====== TASK INPUTS ======

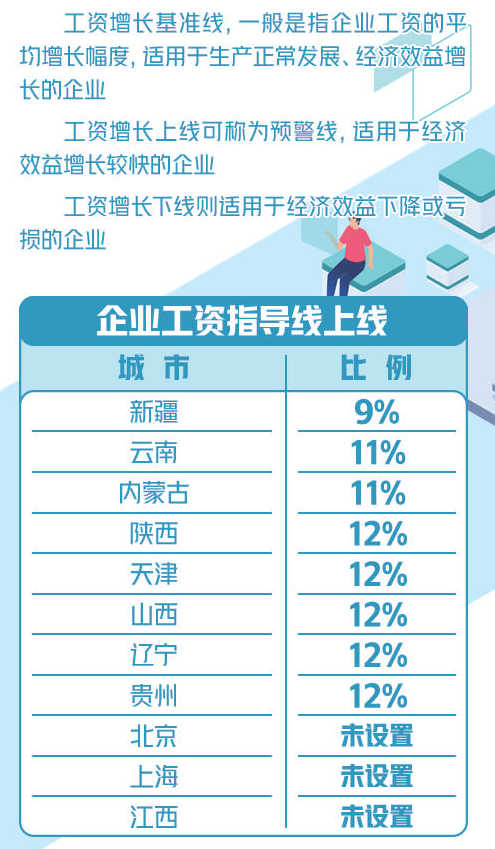 值得注意的是,部分行业的企业工资指导线有所不同。比如,天津市企业货币工资增长基准线按行业划分分别为:建筑业6.6%,批发和零售业7.7%,交通运输、仓储和邮政业6.6%,住宿和餐饮业7.7%,租赁和商务服务业8.6%,水利、环境和公共设施管理业7.4%,居民服务、修理和其他服务业7.7%;上述行业的企业货币工资增长上线、下线分别为12%、3%。
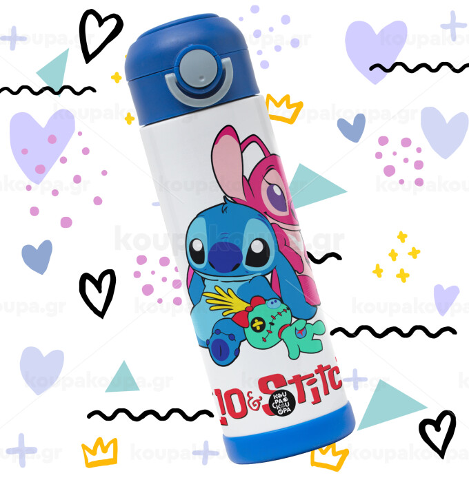 Lilo & Stitch, Πασχαλινή Λαμπάδα με Παιδικό παγούρι θερμό, ανοξείδωτο, με καλαμάκι ασφαλείας, ΜΠΛΕ (500ml)
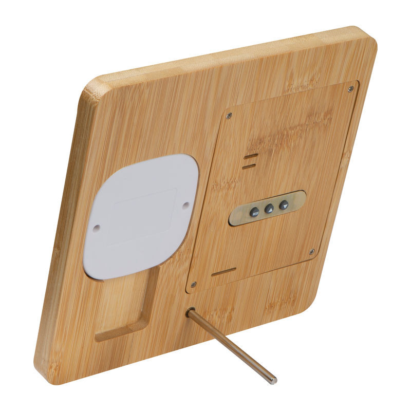 Bambusz időjárás állomás és vezeték nélküli töltő, digitális kijelzővel, amely mutatja a hőmérsékletet, a páratartalmat és az időt. Mobiltelefon tartóként használható.
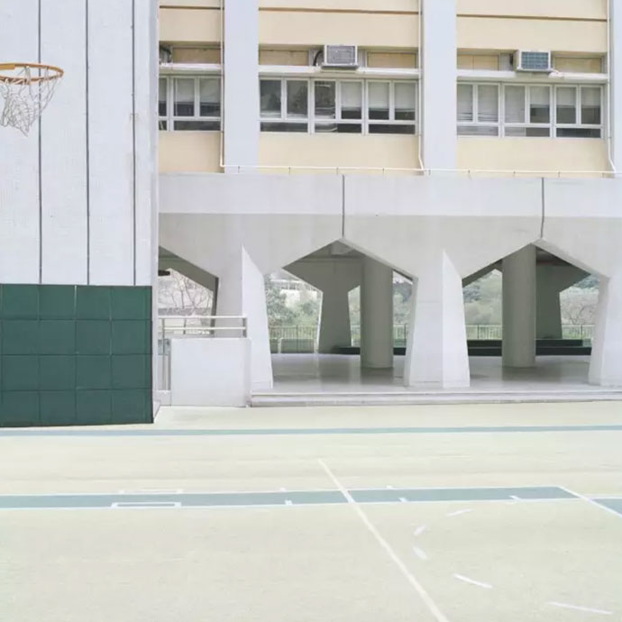 港岛学校运动场的淡彩色调和建筑物成为Ward《courts》系列作品的灵感来源。
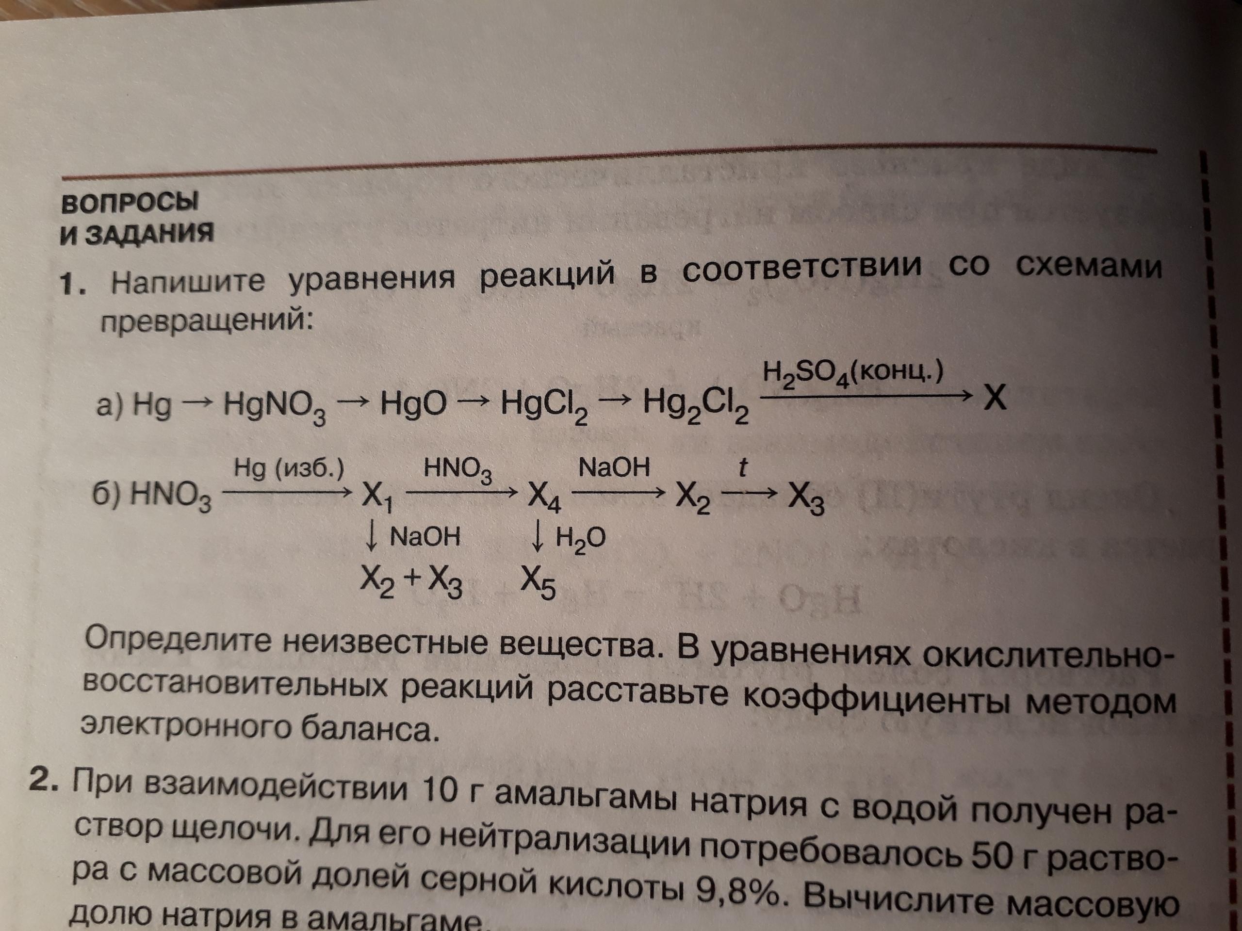б) 4HNO3+2Hg=Hg2(NO3)2+2NO2+2H2O

======

WORK ITEM:
Repeat exactly the line containing "Lilo & Stitch, Πασχαλινή" and every line after it through the end of the records, and nothing else. Leave the pictures out.

REPLY:
 Lilo & Stitch, Πασχαλινή Λαμπάδα με Παιδικό παγούρι θερμό, ανοξείδωτο, με καλαμάκι ασφαλείας, ΜΠΛΕ (500ml)
 Bambusz időjárás állomás és vezeték nélküli töltő, digitális kijelzővel, amely mutatja a hőmérsékletet, a páratartalmat és az időt. Mobiltelefon tartóként használható.
 港岛学校运动场的淡彩色调和建筑物成为Ward《courts》系列作品的灵感来源。
б) 4HNO3+2Hg=Hg2(NO3)2+2NO2+2H2O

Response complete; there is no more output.